AE 03: Joining prognosticators

Application exercise
Modified

February 3, 2026

Important

Go to the course GitHub organization and locate the repo titled ae-03-YOUR_GITHUB_USERNAME to get started.

This AE is due February 3 at 11:59pm.

Prognosticator success

Every year on February 2, Groundhog Day, the famous groundhog Punxsutawney Phil—and a growing cast of creatures (including stuffed animals, sock puppets, and mascots)—emerge from their burrows to predict the weather. Punxsutawney Phil, the prognosticator of prognosticators, has been predicting the weather since 1887. If he sees his shadow, his prediction is for six more weeks of winter. If not, he predicts an early spring.

Over time the number of prognosticators across the country has grown to over 150. {feb2} collects and collates data on these prognisticators, their predictions, and importantly their performance. Do these prognosticators have any skill? Does that vary whether or not they be animal, inanimate, or humans dressed as animals?

In this exercise, we will use data from {feb2} and weather data from NOAA to evaluate prognosticator skill.

Load the data

{feb2} partitions the data into three data frames: class_def1, prognosticators, and predictions.

Let’s take a look at the data frames.

glimpse(class_def1)
Rows: 15,976
Columns: 3
$ prognosticator_city <chr> "02", "02", "02", "02", "02", "02", "02", "02", "0…
$ year                <dbl> 1926, 1927, 1928, 1929, 1930, 1931, 1932, 1933, 19…
$ class               <chr> NA, NA, NA, NA, NA, NA, NA, NA, NA, NA, NA, NA, NA…
glimpse(prognosticators)
Rows: 315
Columns: 14
$ prognosticator_name      <chr> "Punxsutawney Phil", "Octoraro Orphie", "Poor…
$ Status                   <chr> "Active", "Active", "Active", "Deceased", "Ac…
$ prognosticator_slug      <chr> "Punxsutawney-Phil", "Octoraro-Orphie", "Poor…
$ prognosticator_type_orig <chr> "Groundhog", "Taxidermy mount Groundhog", "St…
$ prognosticator_city      <chr> "Punxsutawney, PA", "Quarryville, PA", "York,…
$ `Last Prediction`        <chr> "2025", "2025", "2025", "1948", "1954", "1961…
$ prognosticator_lat       <dbl> 40.94363, 39.89705, 39.96249, 39.95272, 39.95…
$ prognosticator_long      <dbl> -78.97108, -76.16357, -76.72770, -75.16353, -…
$ prognosticator_type      <chr> "Groundhog", "Stuffed Groundhog", "Stuffed Gr…
$ prognosticator_status    <chr> "Creature", "Inanimate", "Inanimate", "Creatu…
$ prognosticator_creature  <chr> "Groundhog", "Groundhog", "Groundhog", "Groun…
$ prognosticator_phylum    <chr> "Chordata", "Chordata", "Chordata", "Chordata…
$ prognosticator_class     <chr> "Mammalia", "Mammalia", "Mammalia", "Mammalia…
$ prognosticator_order     <chr> "Rodentia", "Rodentia", "Rodentia", "Rodentia…
glimpse(predictions)
Rows: 2,482
Columns: 6
$ prognosticator_name  <chr> "Punxsutawney Phil", "Punxsutawney Phil", "Punxsu…
$ prognosticator_slug  <chr> "Punxsutawney-Phil", "Punxsutawney-Phil", "Punxsu…
$ year                 <int> 1887, 1888, 1889, 1890, 1891, 1892, 1893, 1894, 1…
$ prediction_orig      <chr> "Long Winter", "Long Winter", "No Record", "Early…
$ prediction           <chr> "Long Winter", "Long Winter", NA, "Early Spring",…
$ predict_early_spring <int> 0, 0, NA, 1, NA, NA, NA, NA, NA, NA, NA, 0, NA, 0…
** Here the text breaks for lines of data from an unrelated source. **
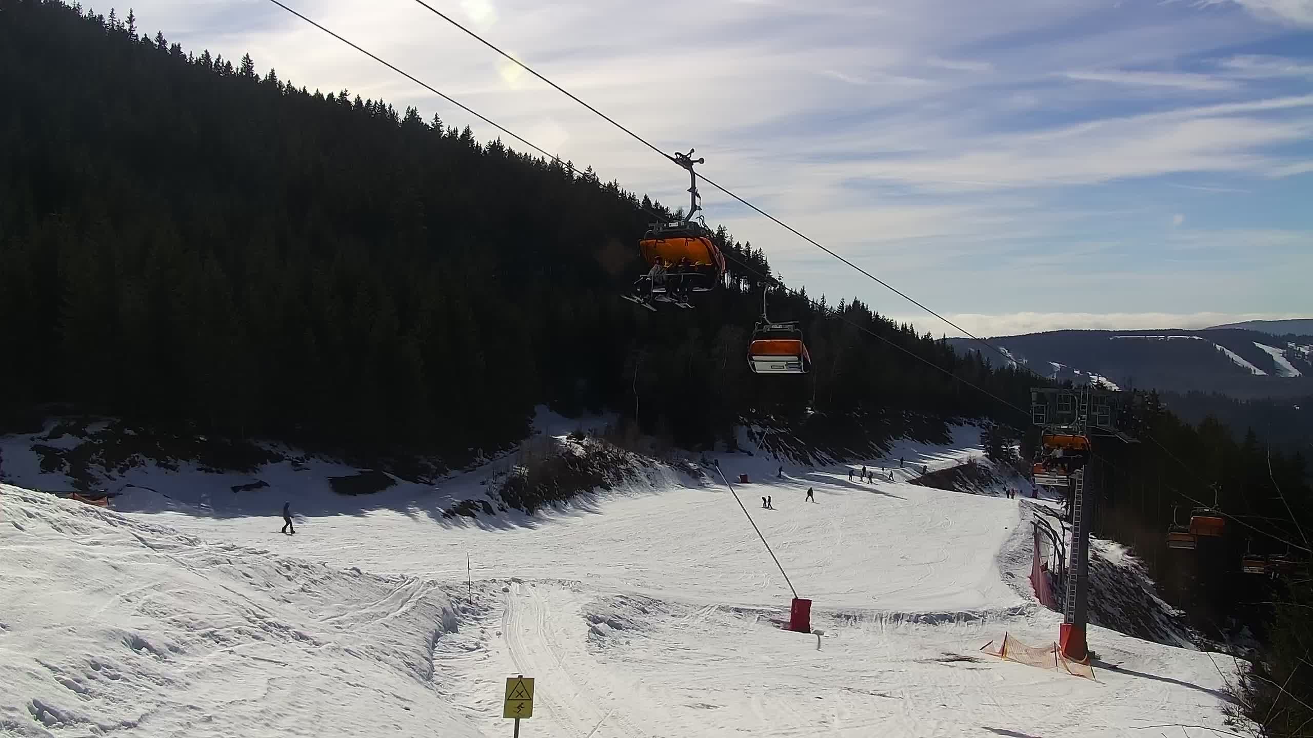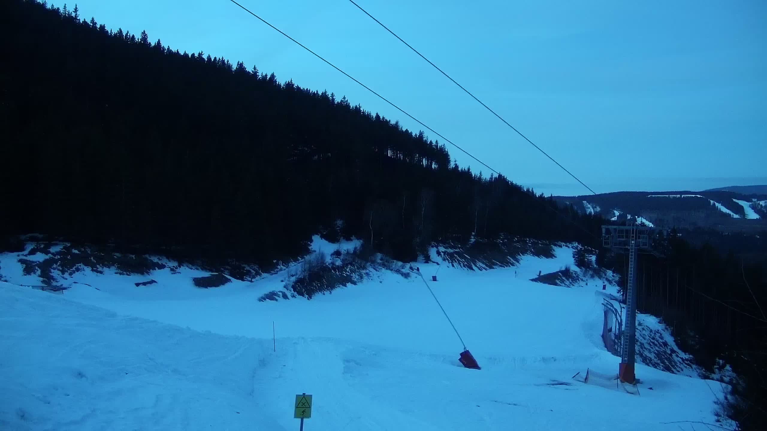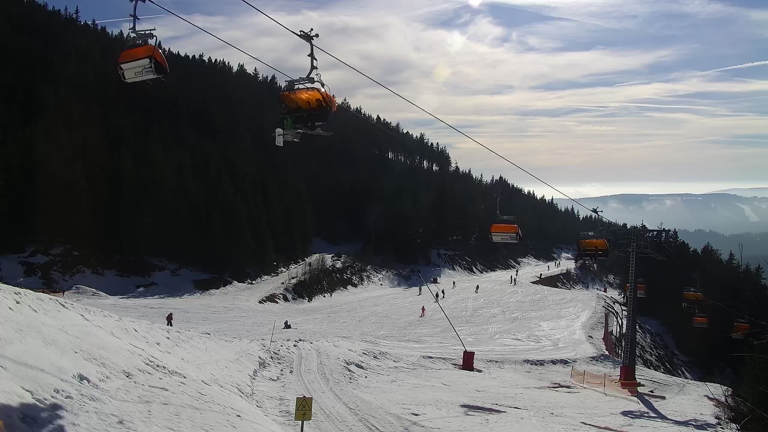 Die Skihänge in unmittelbarer Nähe zum Prima Express-Sessellift am Keilberg. Wie fast alle Pisten im Skigebiet Klinovecz können diese mittels Kunstschnee auch bei wenig Schneefall gut in Schuss gehalten werden.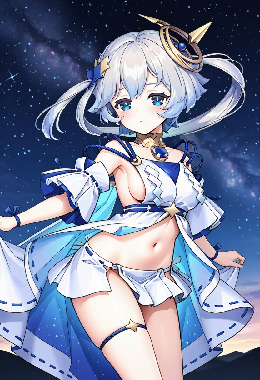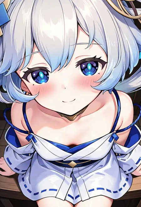 추가: 파란 눈, 흰 머리카락, 한쪽을 위로, 단일 머리 고리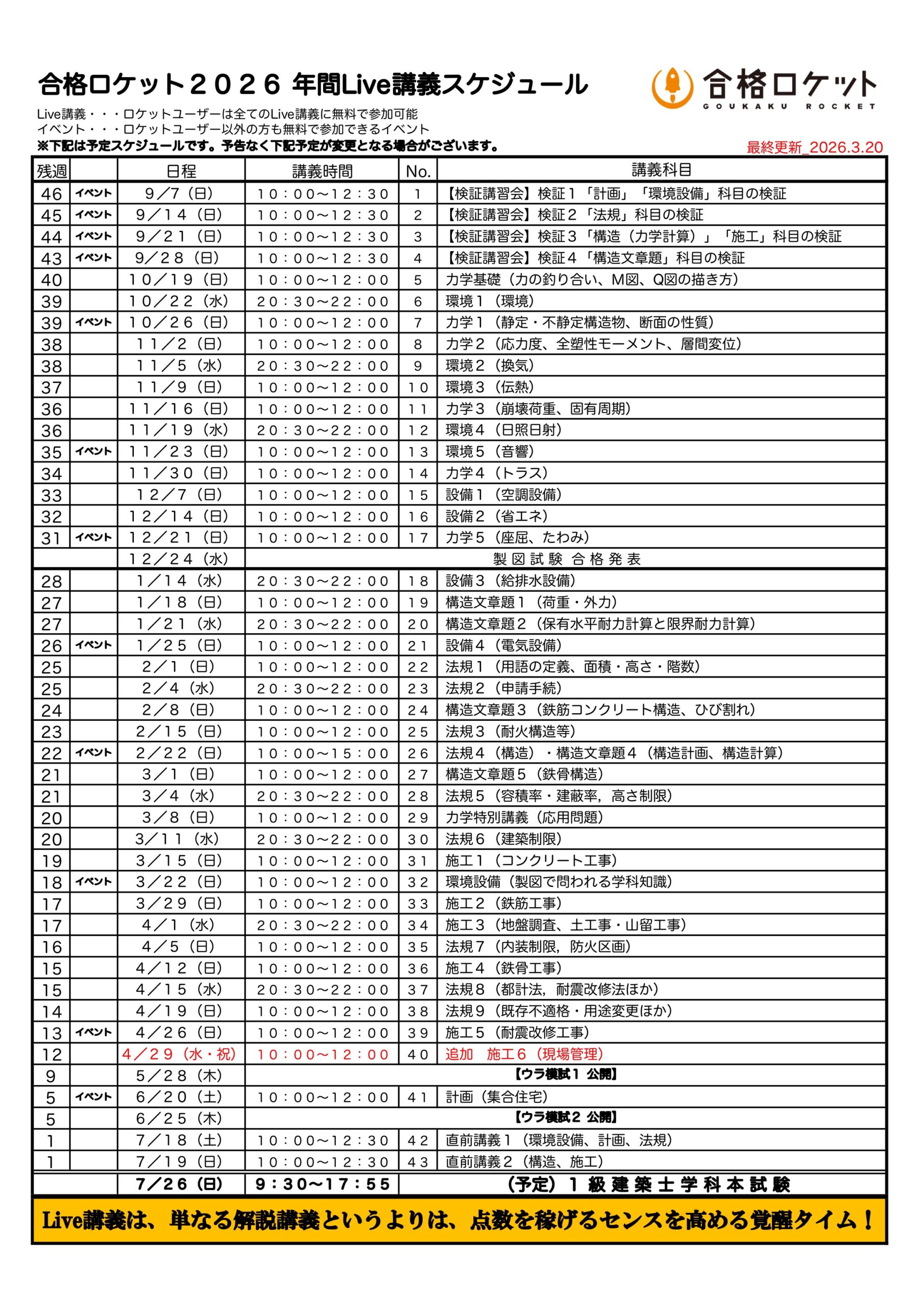 2026 LIVE講義の年間スケジュール(PDF)

Your turn: Identify the primary key variable(s) for each data frame. What is each data frame’s foreign key variable(s) that can be used to join the data frames together?

NoteLook up the documentation for each data frame

You can access documentation for each of the data frames by using the ? operator in the R console

?class_def1

class_def1

Primary key variable(s): Add response here.

Foreign key variable(s)

  • prognosticators: Add response here.
  • predictions: Add response here.

prognosticators

Primary key variable(s): Add response here.

Foreign key variable(s)

  • class_def1: Add response here.
  • predictions: Add response here.

predictions

Primary key variable(s): Add response here.

Foreign key variable(s)

  • class_def1: Add response here.
  • prognosticators: Add response here.

Join the data frames

Your turn: Join the three data frames using an appropriate sequence of *_join() functions and assign the joined data frame to seers_weather.

# add code here

Calculate the variables

Demo: Take a look at the updated seers data frame. First we need to calculate for each prediction whether or not the prognostication was correct.

# add code here

Demo: Calculate the accuracy rate (we’ll call it preds_rate) for weather predictions using the summarize() function in {dplyr}. Note that the function for calculating the mean is mean() in R.

# add code here

Your turn (5 minutes): Now expand your calculations to also calculate the number of predictions in each region and the standard error of accuracy rate. Store this data frame as seers_summary. Recall the formula for the standard error of a sample proportion:

\[SE(\hat{p}) \approx \sqrt{\frac{(\hat{p})(1 - \hat{p})}{n}}\]

# add code here

Demo: Take the seers_summary data frame and order the results in descending order of accuracy rate.

# add code here

Recreate the plot

Demo: Recreate the following plot using the data frame you have developed so far.

# add code here
seers_summary |>
  mutate(
    prognosticator_status = fct_reorder(
      .f = ______,
      .x = ______
    )
  ) |>
  ggplot(mapping = aes(x = preds_rate, y = prognosticator_status)) +
  geom_vline(xintercept = 0.5, linetype = "dashed", color = "gray50") +
  geom_point(mapping = aes(size = preds_n)) +
  geom_linerange(
    mapping = aes(
      xmin = ______,
      xmax = ______
    )
  ) +
  scale_x_continuous(labels = label_percent()) +
  labs(
    title = "Prognosticator accuracy rate for late winter/early spring",
    subtitle = "By prognosticator type",
    x = "Prediction accuracy",
    y = NULL,
    size = "Total number\nof predictions",
    caption = "Source: Countdown to Groundhog Day & NOAA via {feb2}"
  ) +
  theme_minimal()
Error in parse(text = input): <text>:5:13: unexpected input
4:     prognosticator_status = fct_reorder(
5:       .f = __
               ^

Your turn (time permitting): Make any other changes you would like to improve it.

# add your code here